==== RECORDS TO PROCESS
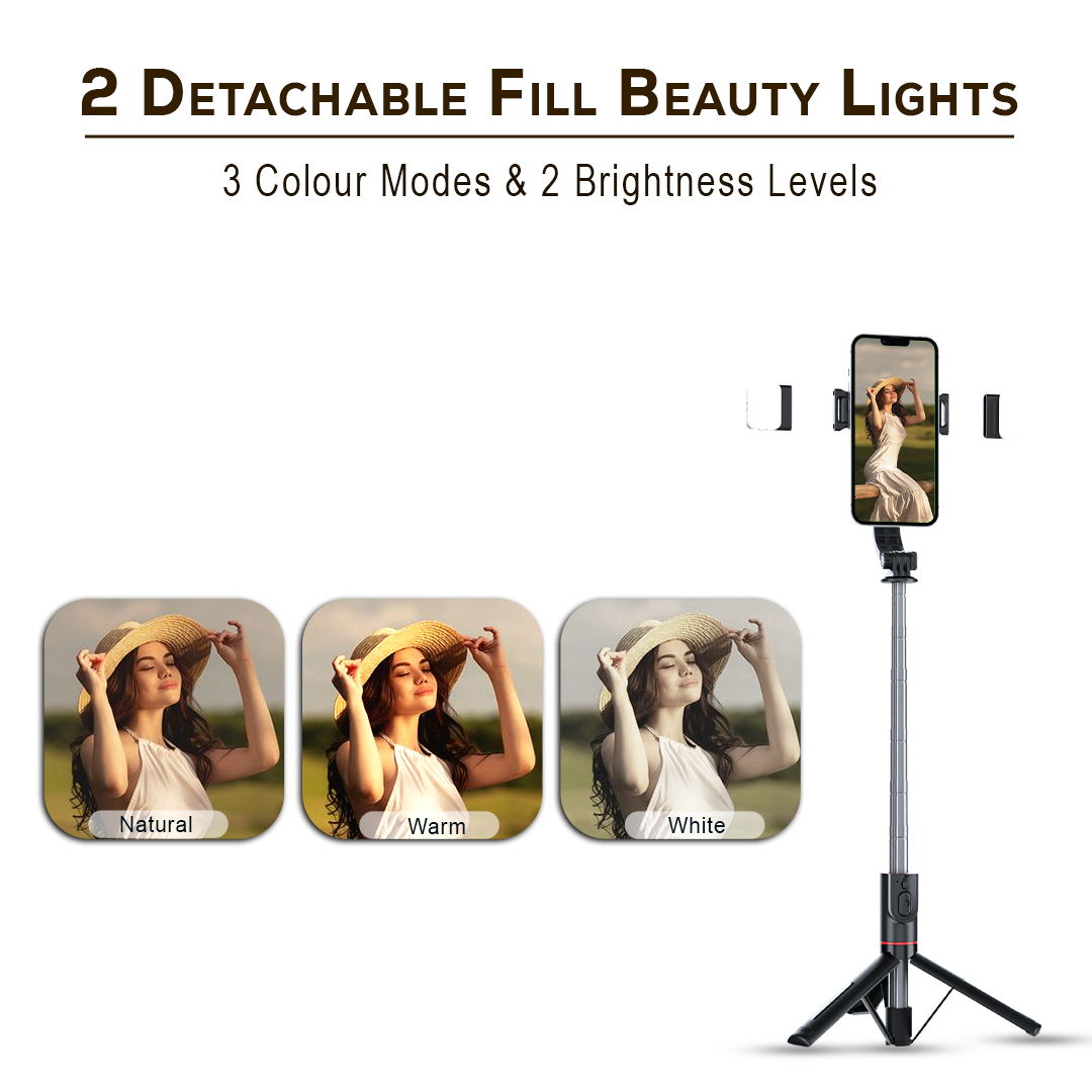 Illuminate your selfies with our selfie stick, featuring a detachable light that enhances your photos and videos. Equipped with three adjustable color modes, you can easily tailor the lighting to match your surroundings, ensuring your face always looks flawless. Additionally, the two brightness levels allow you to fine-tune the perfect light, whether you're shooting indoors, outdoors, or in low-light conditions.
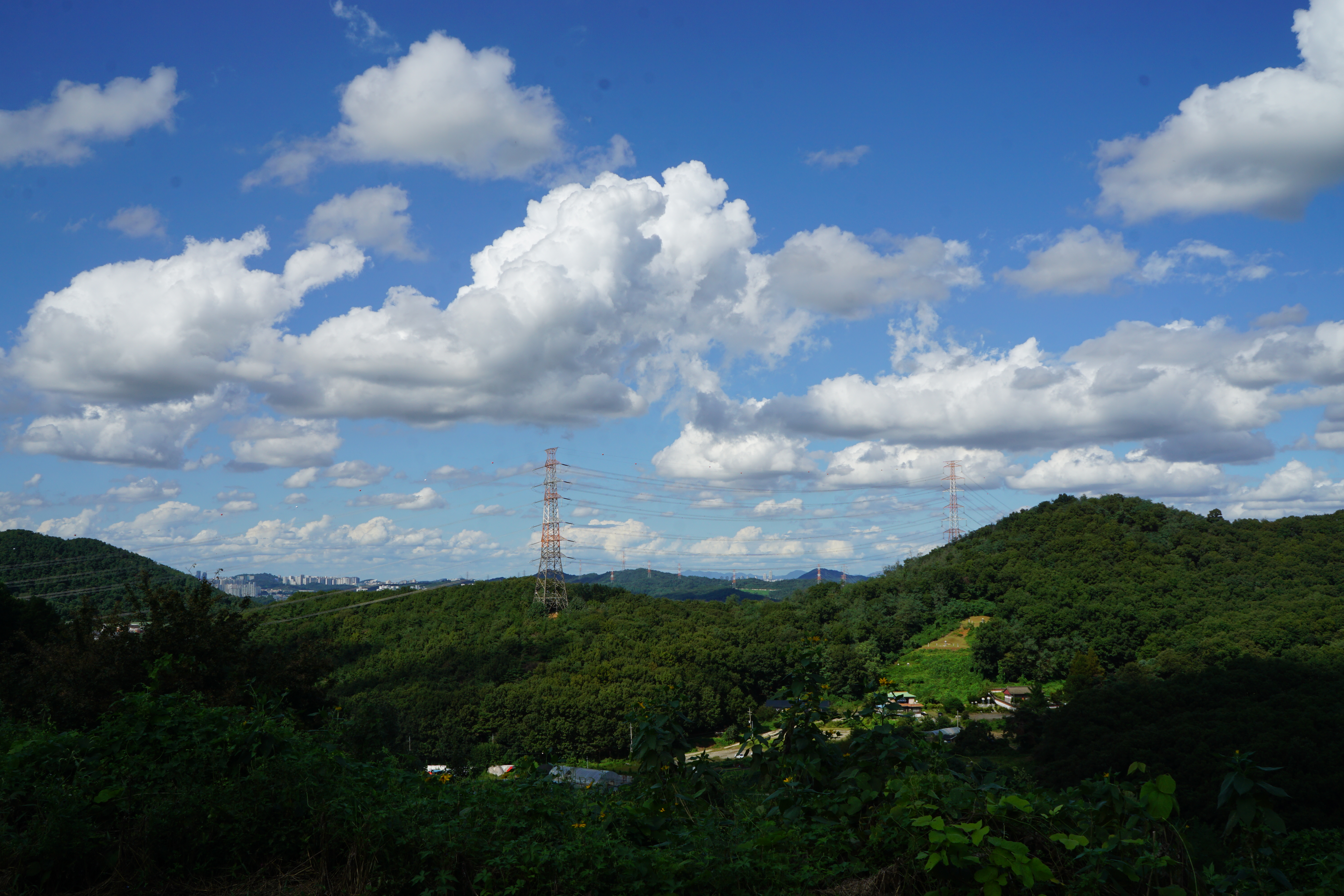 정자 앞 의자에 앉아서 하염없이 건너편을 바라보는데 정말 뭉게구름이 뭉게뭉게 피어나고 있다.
========
==== RECORDS TO PROCESS
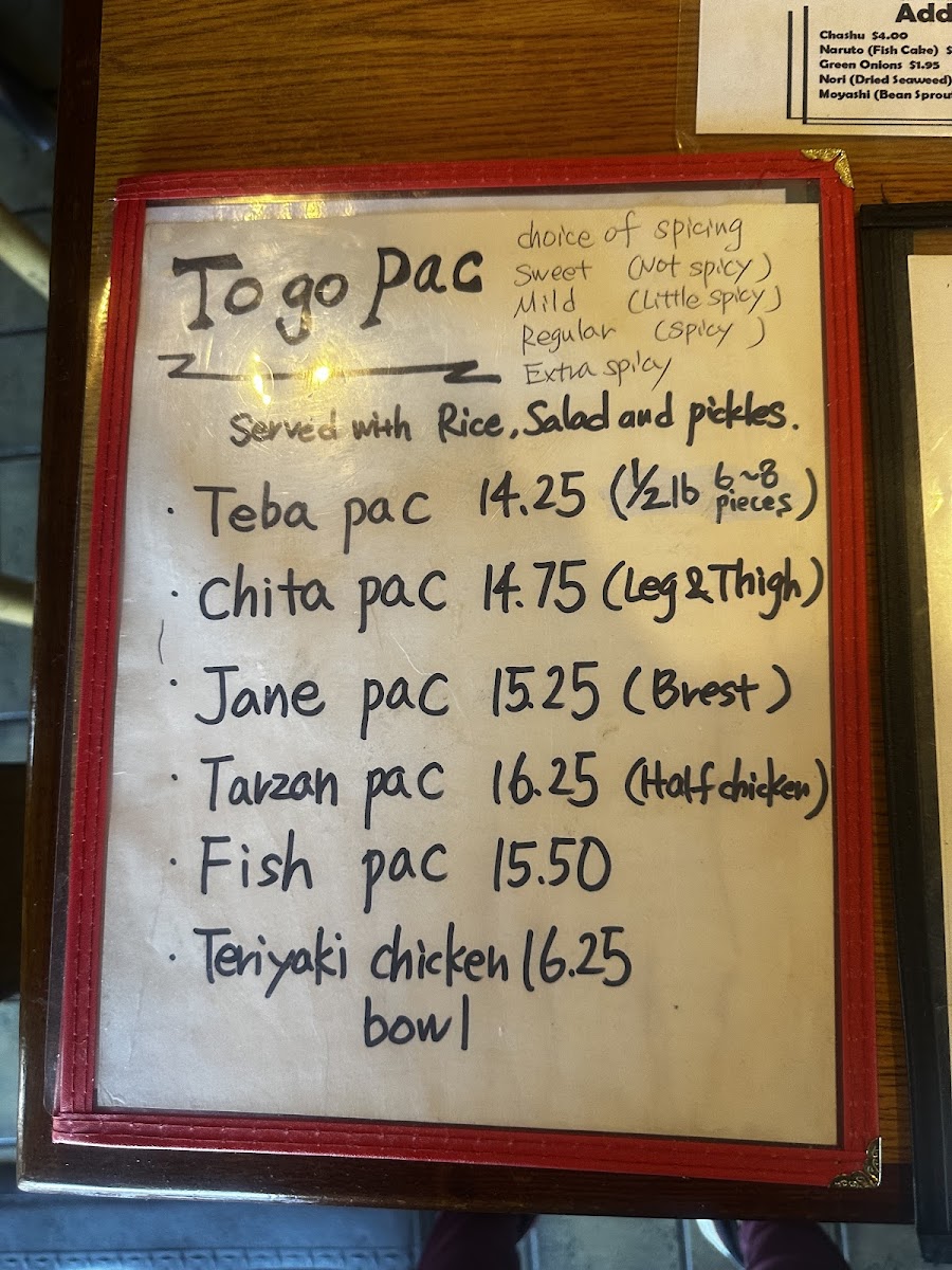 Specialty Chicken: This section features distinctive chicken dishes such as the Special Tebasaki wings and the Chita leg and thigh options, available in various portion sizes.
========
▶ [WHAT IS NEEDED]:
I'd like the lines above repeated exactly, from the one that contains "Illuminate your selfies" through the one that contains "정자 앞 의자에 앉아서", with no pictures.

▶ [YOUR RESPONSE]:
 Illuminate your selfies with our selfie stick, featuring a detachable light that enhances your photos and videos. Equipped with three adjustable color modes, you can easily tailor the lighting to match your surroundings, ensuring your face always looks flawless. Additionally, the two brightness levels allow you to fine-tune the perfect light, whether you're shooting indoors, outdoors, or in low-light conditions.
 정자 앞 의자에 앉아서 하염없이 건너편을 바라보는데 정말 뭉게구름이 뭉게뭉게 피어나고 있다.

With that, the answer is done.